/---
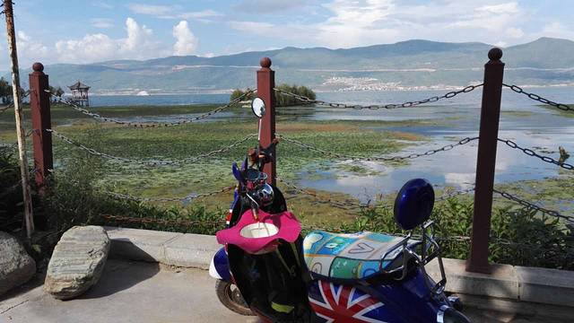 游完三塔,决定自己租辆电动车环游洱海,50元/辆。(已经下午四点,车的租费低了许多,一般都是80元/辆)
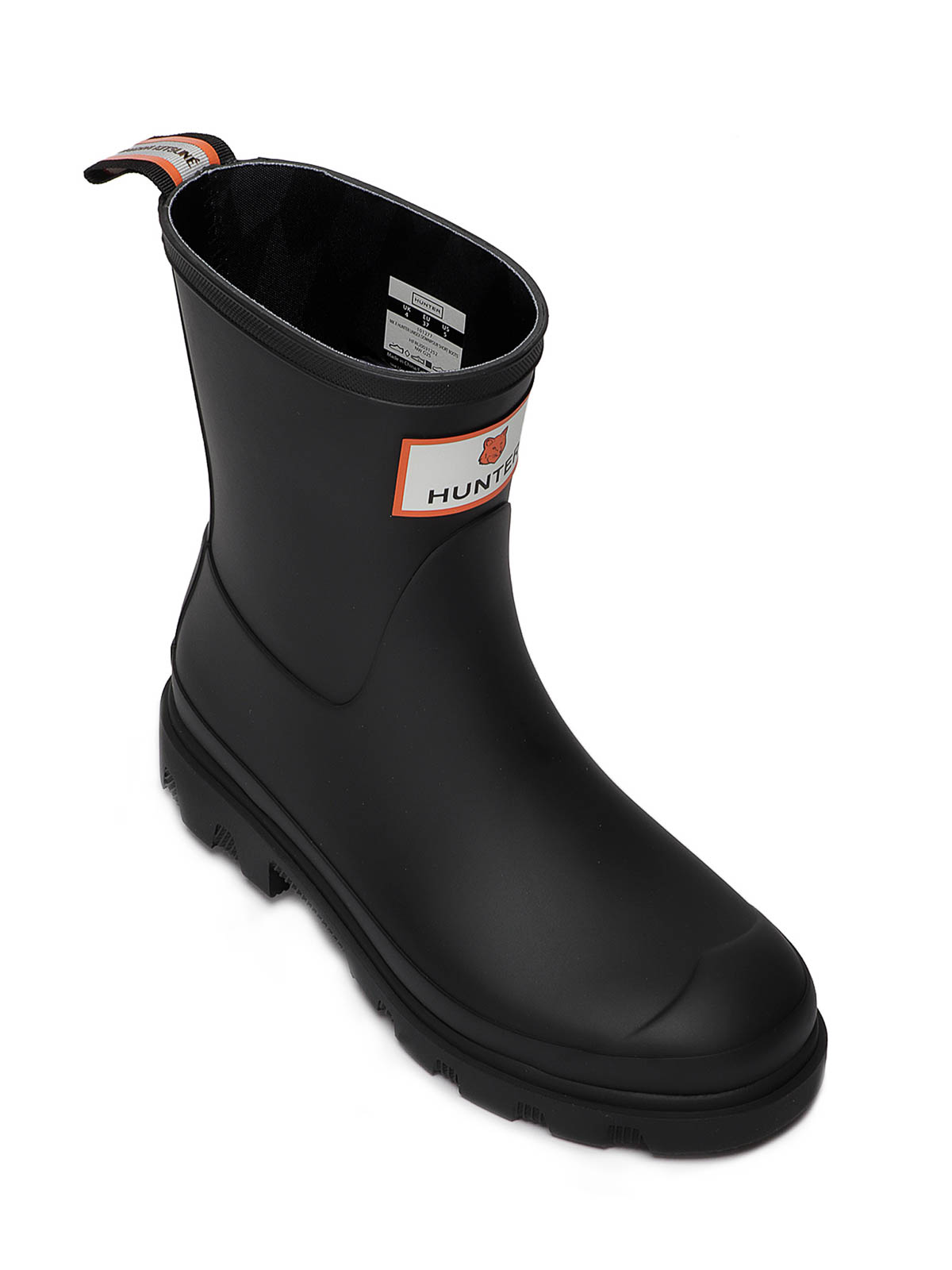 フロントラベルとリアタング付きのローブラックラバーブーツ、ローソール、防雨。
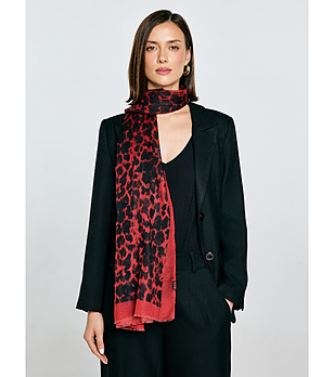 Eșarfă de damă roșie și neagră cu imprimeu animal
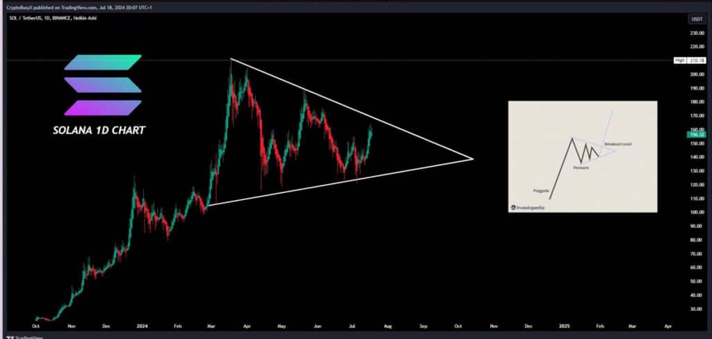 Inwestorzy kryptowalutowi zwracają baczną uwagę na Solana, ponieważ na jej wykresie cenowym widać w tej chwili wyraźnie tzw. „byczy proporczyk”.
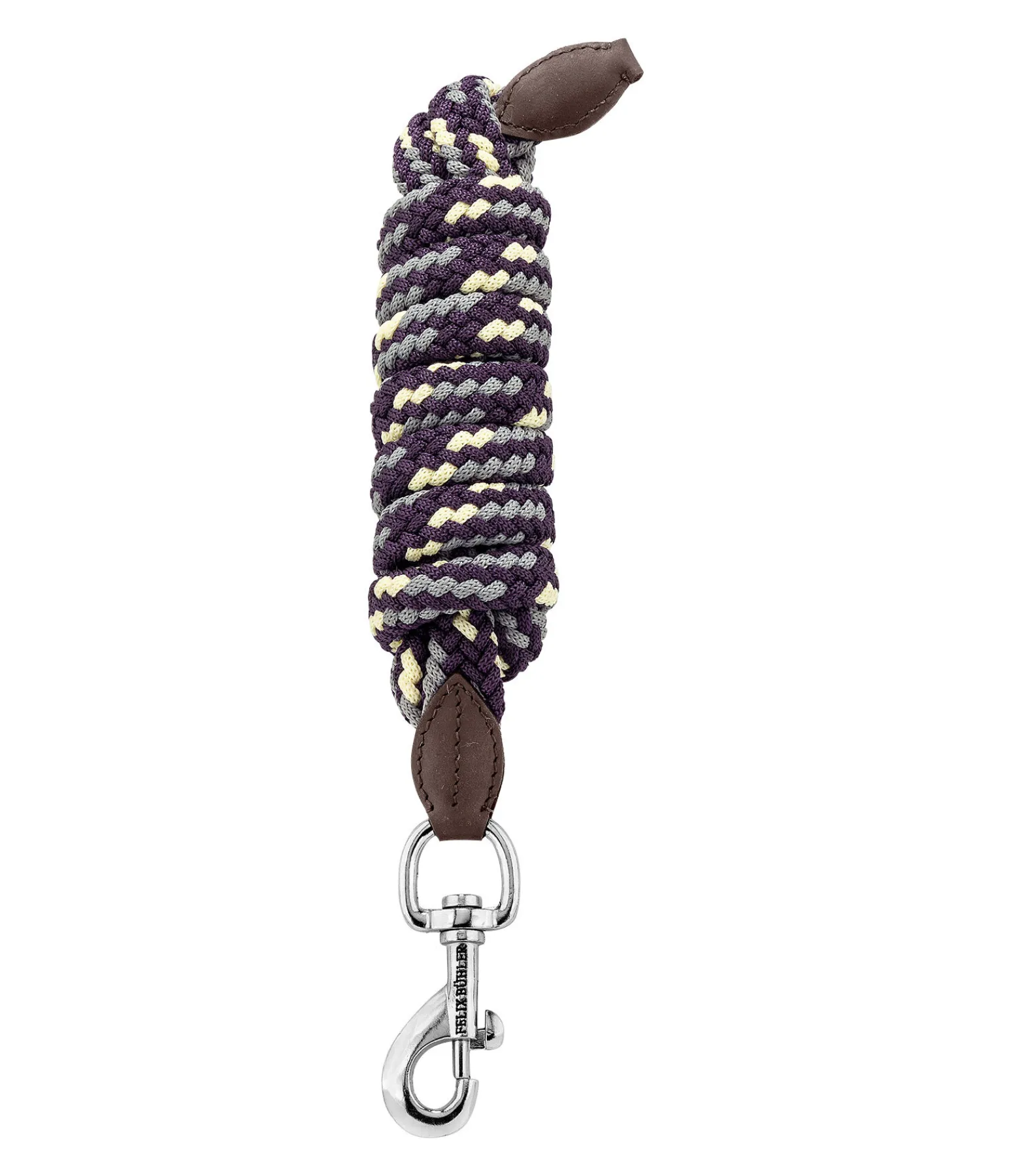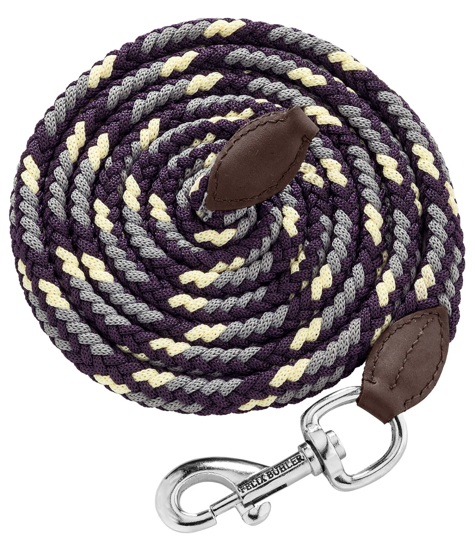 Longe tressée ronde très résistante avec élégants embouts en cuir et mousqueton. Assortie au licol 310040. Bouclerie argentée. 2 m. 100 % polypropylène.
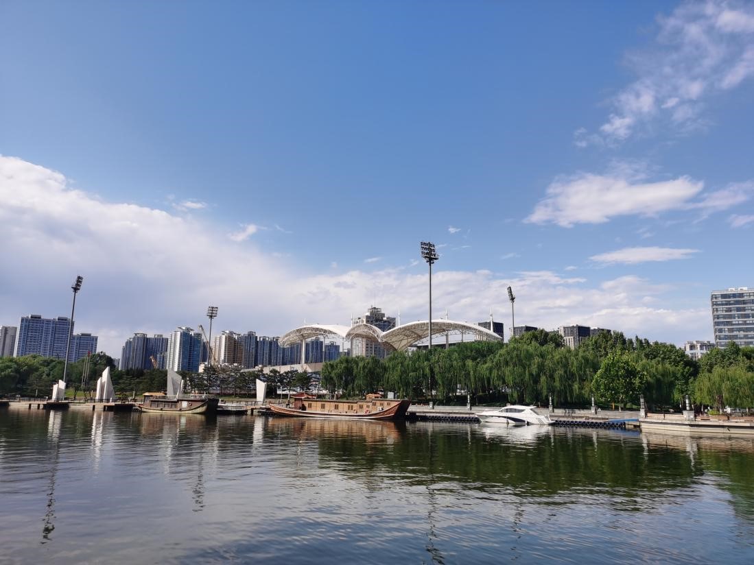 Under the blue sky in Linfen, north China's Shanxi province, people are working out in the fresh air along the ancient city walls and Fenhe River.
\---
* _Required work_:
Print again, exactly, the lines of the records above from the first line through the line with "Longe tressée ronde". No pictures.

* _Task solution_:
 游完三塔,决定自己租辆电动车环游洱海,50元/辆。(已经下午四点,车的租费低了许多,一般都是80元/辆)
 フロントラベルとリアタング付きのローブラックラバーブーツ、ローソール、防雨。
 Eșarfă de damă roșie și neagră cu imprimeu animal
 Inwestorzy kryptowalutowi zwracają baczną uwagę na Solana, ponieważ na jej wykresie cenowym widać w tej chwili wyraźnie tzw. „byczy proporczyk”.
 Longe tressée ronde très résistante avec élégants embouts en cuir et mousqueton. Assortie au licol 310040. Bouclerie argentée. 2 m. 100 % polypropylène.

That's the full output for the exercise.